DATA PROVIDED:
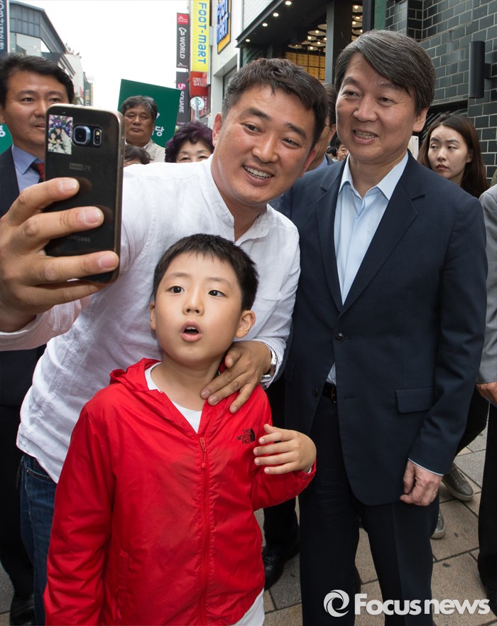 (청주=포커스뉴스) 안철수 국민의당 상임공동대표가 21일 오후 충북 청주 상당구 성안길을 찾아 시민들과 셀카를 촬영하고 있다. 안 대표는 4.13 국회의원선거에서 국민의당을 지지해준 것에 대한 감사의 뜻을 전했다.
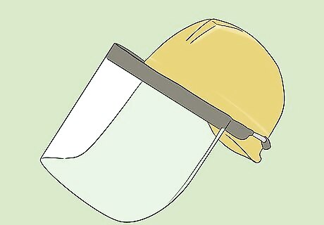 Choose a face shield to protect your eyes and face from dust, splashes, and sprays. A clear plastic face shield will cover the width of your face, from your eyebrows down to your chin. Select a face shield if you’ll be working with hazardous liquids or sources of dust. Choose a thickness that’s rated for the type of work you’ll be doing. Purchase compatible headgear to attach your face shield to, or pick a shield that’s compatible with the hardhat or headgear you’ll be wearing. For glare protection, opt for a polarized face shield. Try a face shield with a lift-front window if you’ll need to tilt it up and down regularly. Face shields aren’t typically rated for impact protection. Wear a pair of safety spectacles or goggles beneath your face shield if you need impact protection as well.
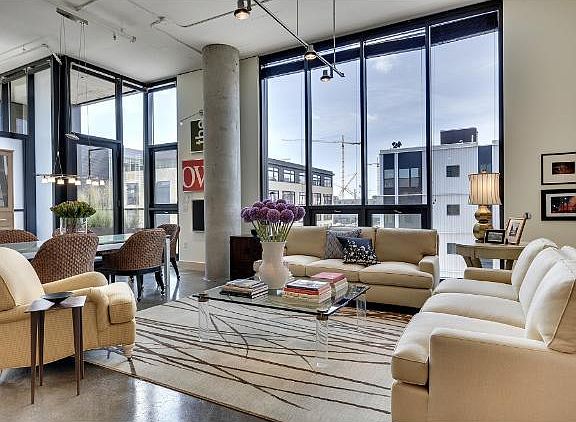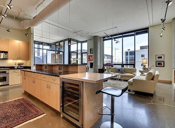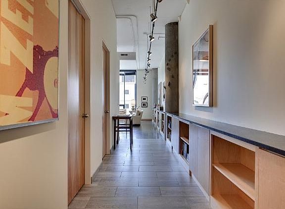 Outstanding corner location in Humboldt Lofts! Prime Mill District Landmark building. Upgrades include custom casework and top of the line Bang & Olufsen music system with 2 amazing wall mounted TVs. Wood shades for all windows, optional black out screens

WHAT IS BEING ASKED:
In your answer, give every line of the listing above exactly, and do not include the images.

OUTPUT OF THE EXERCISE:
 (청주=포커스뉴스) 안철수 국민의당 상임공동대표가 21일 오후 충북 청주 상당구 성안길을 찾아 시민들과 셀카를 촬영하고 있다. 안 대표는 4.13 국회의원선거에서 국민의당을 지지해준 것에 대한 감사의 뜻을 전했다.
 Choose a face shield to protect your eyes and face from dust, splashes, and sprays. A clear plastic face shield will cover the width of your face, from your eyebrows down to your chin. Select a face shield if you’ll be working with hazardous liquids or sources of dust. Choose a thickness that’s rated for the type of work you’ll be doing. Purchase compatible headgear to attach your face shield to, or pick a shield that’s compatible with the hardhat or headgear you’ll be wearing. For glare protection, opt for a polarized face shield. Try a face shield with a lift-front window if you’ll need to tilt it up and down regularly. Face shields aren’t typically rated for impact protection. Wear a pair of safety spectacles or goggles beneath your face shield if you need impact protection as well.
 Outstanding corner location in Humboldt Lofts! Prime Mill District Landmark building. Upgrades include custom casework and top of the line Bang & Olufsen music system with 2 amazing wall mounted TVs. Wood shades for all windows, optional black out screens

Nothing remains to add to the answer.